Ballroom C
Purpose: Daily cone-beam CT (CBCT) imaging during the course of fractionated radiotherapy treatment can expose patients to a considerable amount of radiation dose. This work investigates the feasibility of low dose CBCT imaging capable of enabling accurate prostate radiotherapy dose calculation with only 25% projections by overcoming under-sampling artefacts and correcting CT numbers by employing a cycle-consistent GAN.

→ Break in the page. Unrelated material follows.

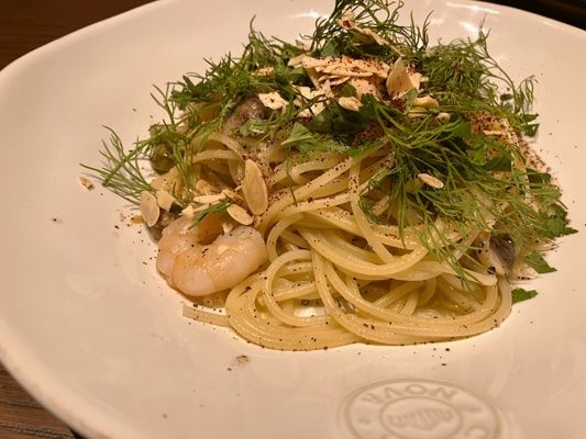 ディルがこんなにたっぷりのっているのは初めて!カリッとしたアーモンドスライスがいいアクセント。普通のイタリアンにはないお味でした。
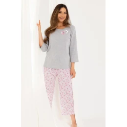 Piżama damska 711 BIG J/25 to komfortowy i stylowy zestaw stworzony z myślą o kobietach ceniących wygodę oraz subtelny design. Wykonana w całości z wysokiej jakości bawełny, zapewnia oddychalność i miękkość przy każdym ruchu. Koszulka z rękawem 3/4, półokrągłym dekoltem i kwiatowym nadrukiem z przodu prezentuje się kobieco i elegancko. Całość uzupełniają wzorzyste spodnie o długości 3/4 – idealne na wiosnę i lato.

Methods: Uncorrected CBCT imaging data of 41 prostate cancer patients, acquired with about 350 projections at a medical linear accelerator, were retrospectively under-sampled to 25% dose images (CBCT(LD)) with only about 90 projections. CBCTs were reconstructed using FDK on an isotropic 1 mm³ grid, onto which corresponding planning CTs (pCT) were also resampled. We adapted a cycleGAN in 2D to translate CBCT(LD) into pCT equivalent images (CBCT(LD_gan)) including shape loss. Unpaired 4-fold cross-validation (33 patients) was performed to allow using the median of the 4 models as output. A previously validated non-AI CBCT scatter-correction technique (CBCT(cor)) was used for HU accuracy evaluation on 8 additional test patients. Volumetric modulated arc therapy (VMAT) plans were optimized on CBCT(cor) and recalculated on CBCT(LD_gan) to determine dose calculation accuracy.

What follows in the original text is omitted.